▶ **Try it**
Reproduce the material below only from the line with "前两天家里老人告诉我,药品已" to the line with "Für den Ring", both included, keeping each line exact and dropping the pictures.

▶ **Entries shown**
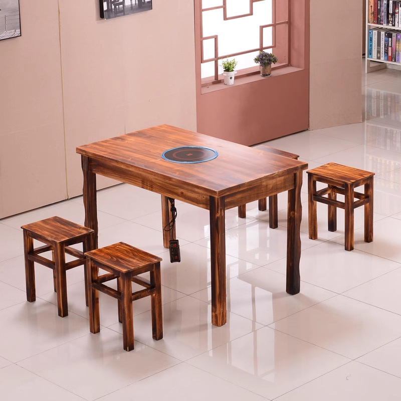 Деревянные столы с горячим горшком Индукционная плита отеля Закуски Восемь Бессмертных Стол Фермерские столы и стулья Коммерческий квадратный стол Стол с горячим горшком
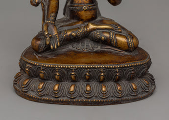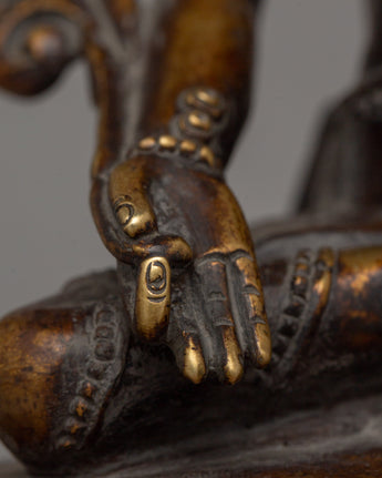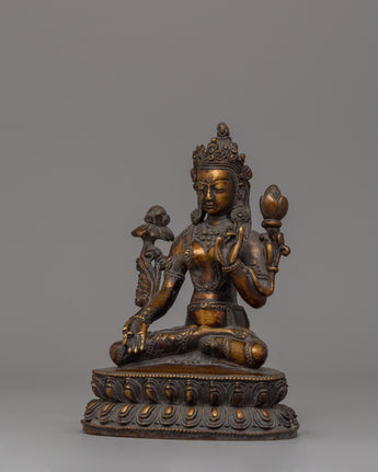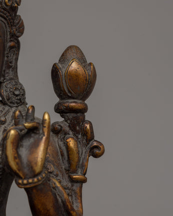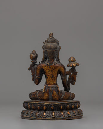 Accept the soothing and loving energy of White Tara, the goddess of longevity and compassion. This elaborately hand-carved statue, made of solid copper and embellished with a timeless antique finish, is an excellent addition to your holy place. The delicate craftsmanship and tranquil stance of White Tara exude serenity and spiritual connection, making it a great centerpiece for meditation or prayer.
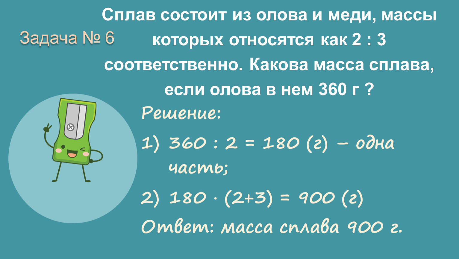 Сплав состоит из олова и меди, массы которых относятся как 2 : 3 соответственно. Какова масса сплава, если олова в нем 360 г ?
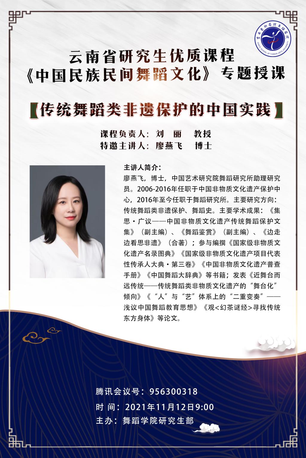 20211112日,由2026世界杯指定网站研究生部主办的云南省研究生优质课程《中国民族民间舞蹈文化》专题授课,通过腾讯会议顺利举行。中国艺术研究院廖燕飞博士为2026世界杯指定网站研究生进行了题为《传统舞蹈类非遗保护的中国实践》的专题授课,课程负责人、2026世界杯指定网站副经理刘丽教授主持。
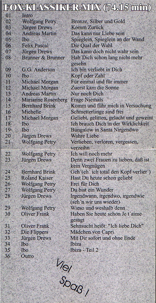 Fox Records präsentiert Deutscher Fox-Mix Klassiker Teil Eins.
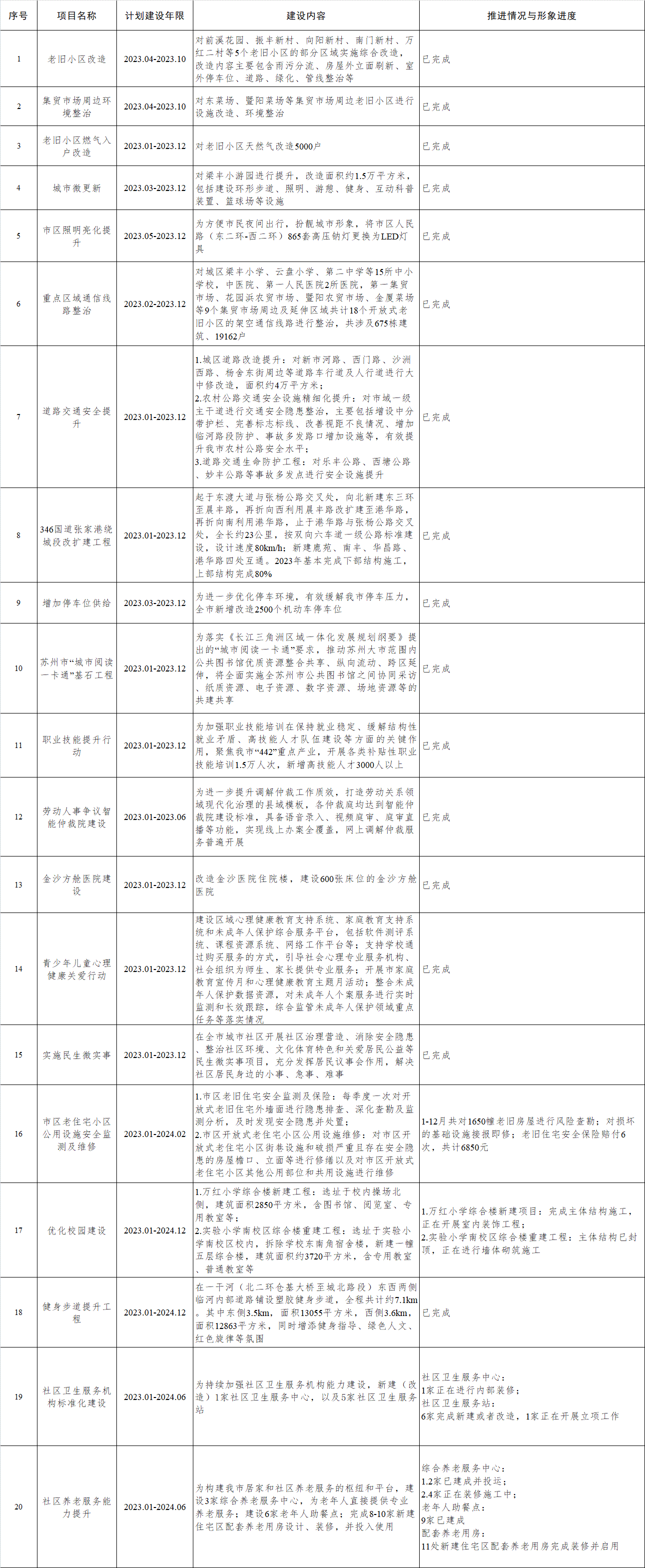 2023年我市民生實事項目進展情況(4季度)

--

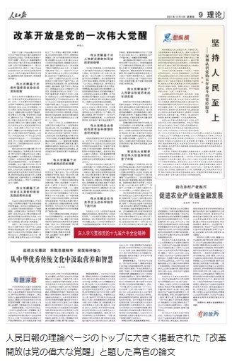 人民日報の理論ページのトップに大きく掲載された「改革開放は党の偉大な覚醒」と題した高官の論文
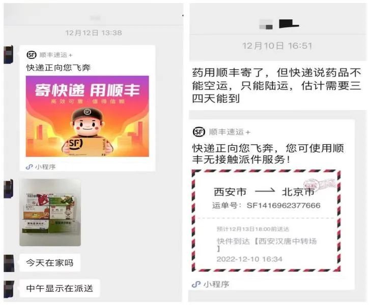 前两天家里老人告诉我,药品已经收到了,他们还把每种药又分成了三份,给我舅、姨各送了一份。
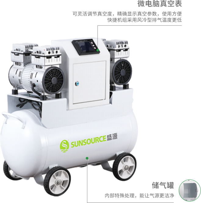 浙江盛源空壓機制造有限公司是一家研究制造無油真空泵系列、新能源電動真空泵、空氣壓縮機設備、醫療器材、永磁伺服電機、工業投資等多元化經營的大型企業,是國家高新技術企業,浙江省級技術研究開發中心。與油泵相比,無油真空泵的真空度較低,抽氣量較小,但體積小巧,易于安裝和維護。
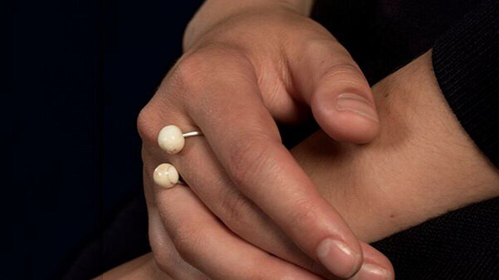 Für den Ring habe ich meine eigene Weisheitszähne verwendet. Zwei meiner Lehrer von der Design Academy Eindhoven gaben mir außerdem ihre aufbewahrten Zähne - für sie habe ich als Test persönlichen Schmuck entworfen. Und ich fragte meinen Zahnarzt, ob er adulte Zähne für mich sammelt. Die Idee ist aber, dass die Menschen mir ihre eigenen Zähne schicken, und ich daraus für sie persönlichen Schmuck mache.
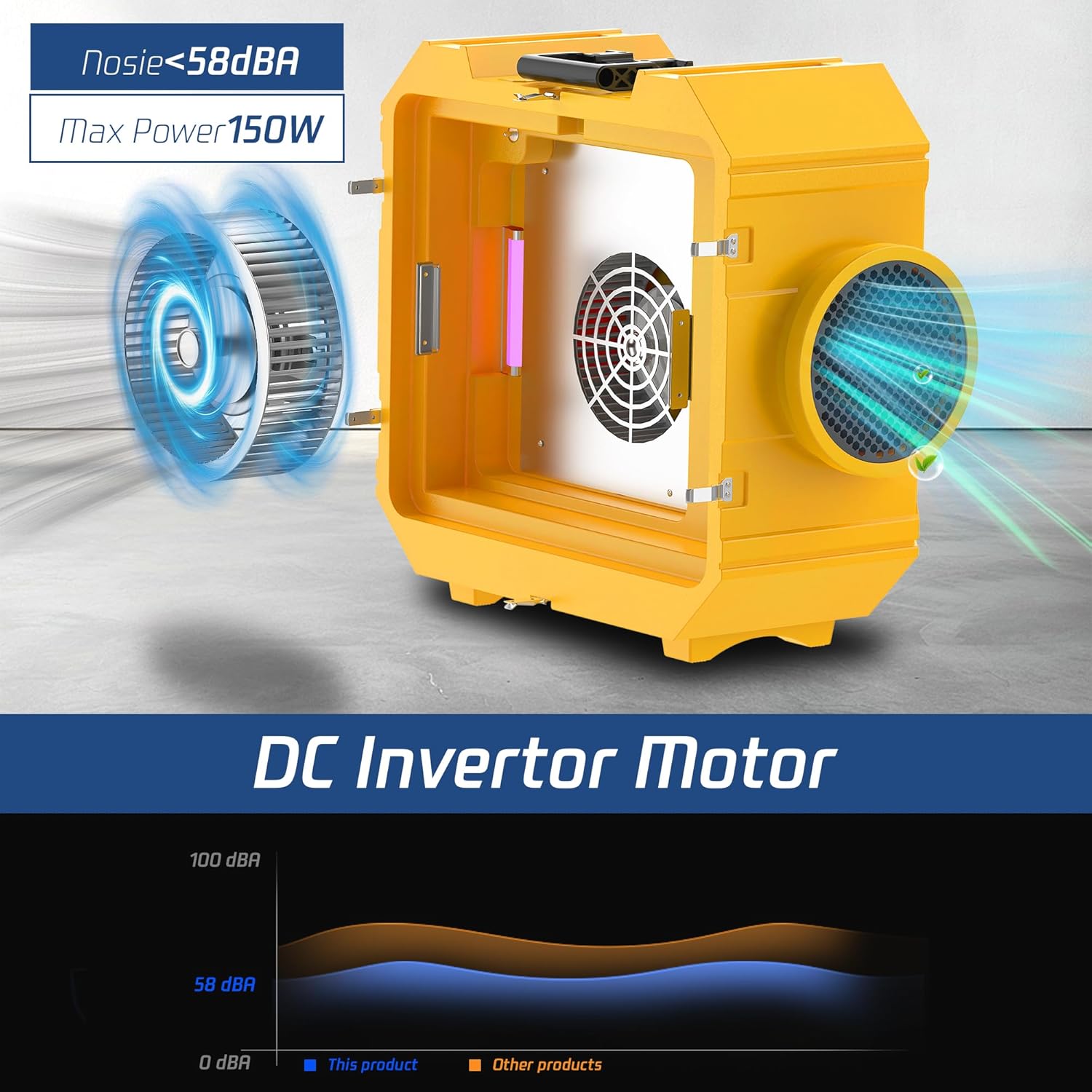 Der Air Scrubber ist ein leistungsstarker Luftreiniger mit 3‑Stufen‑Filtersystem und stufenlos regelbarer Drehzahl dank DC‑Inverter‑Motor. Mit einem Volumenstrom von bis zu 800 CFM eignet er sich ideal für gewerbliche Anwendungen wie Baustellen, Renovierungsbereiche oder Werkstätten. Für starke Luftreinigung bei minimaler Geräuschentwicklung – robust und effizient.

==

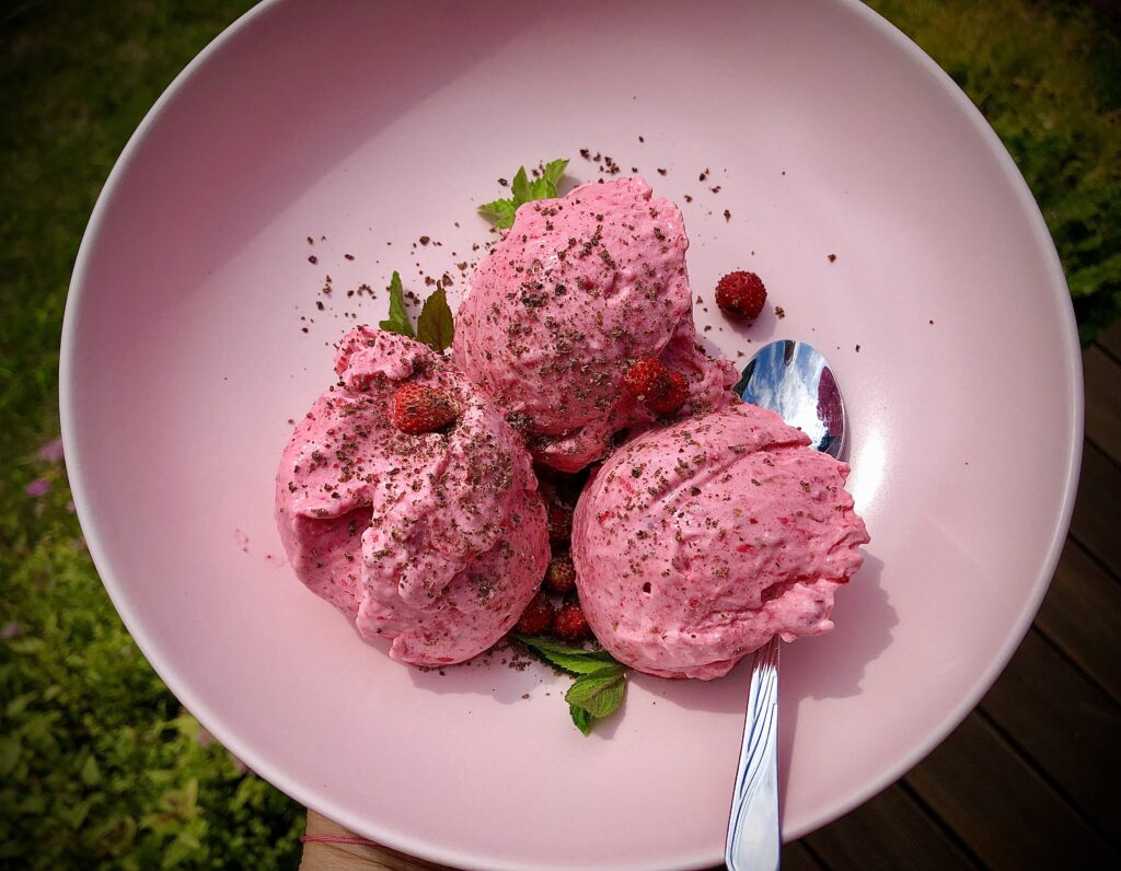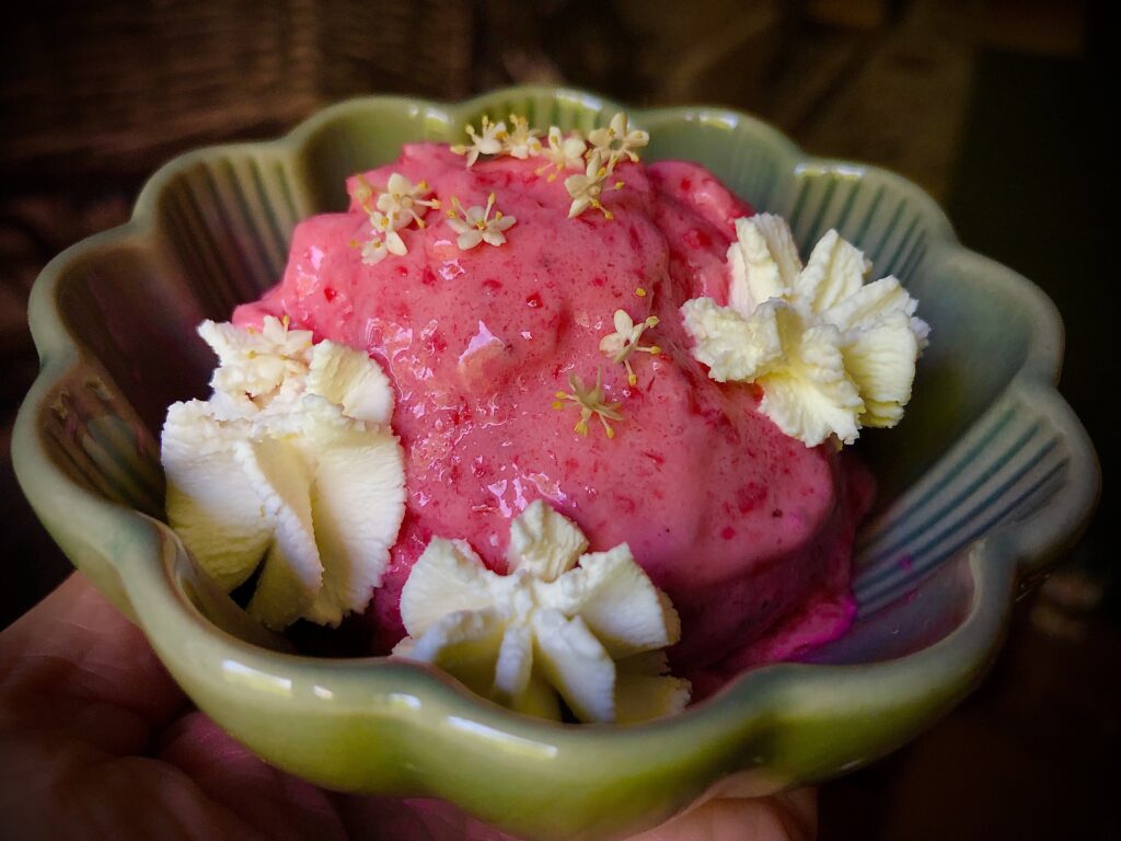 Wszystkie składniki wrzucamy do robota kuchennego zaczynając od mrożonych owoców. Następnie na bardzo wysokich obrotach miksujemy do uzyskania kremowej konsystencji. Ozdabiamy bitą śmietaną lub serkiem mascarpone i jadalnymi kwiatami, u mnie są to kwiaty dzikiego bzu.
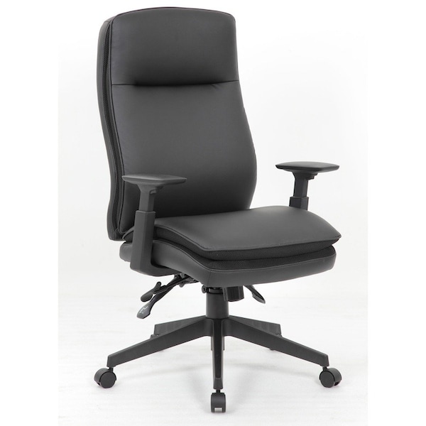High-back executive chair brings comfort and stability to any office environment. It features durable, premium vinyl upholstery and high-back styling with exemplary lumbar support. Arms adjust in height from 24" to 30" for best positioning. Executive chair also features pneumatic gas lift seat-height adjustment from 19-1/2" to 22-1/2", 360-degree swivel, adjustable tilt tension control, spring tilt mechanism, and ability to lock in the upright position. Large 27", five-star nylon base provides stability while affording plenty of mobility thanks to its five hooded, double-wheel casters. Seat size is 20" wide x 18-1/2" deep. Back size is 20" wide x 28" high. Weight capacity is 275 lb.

▶ **Problem solution**
 前两天家里老人告诉我,药品已经收到了,他们还把每种药又分成了三份,给我舅、姨各送了一份。
 浙江盛源空壓機制造有限公司是一家研究制造無油真空泵系列、新能源電動真空泵、空氣壓縮機設備、醫療器材、永磁伺服電機、工業投資等多元化經營的大型企業,是國家高新技術企業,浙江省級技術研究開發中心。與油泵相比,無油真空泵的真空度較低,抽氣量較小,但體積小巧,易于安裝和維護。
 Für den Ring habe ich meine eigene Weisheitszähne verwendet. Zwei meiner Lehrer von der Design Academy Eindhoven gaben mir außerdem ihre aufbewahrten Zähne - für sie habe ich als Test persönlichen Schmuck entworfen. Und ich fragte meinen Zahnarzt, ob er adulte Zähne für mich sammelt. Die Idee ist aber, dass die Menschen mir ihre eigenen Zähne schicken, und ich daraus für sie persönlichen Schmuck mache.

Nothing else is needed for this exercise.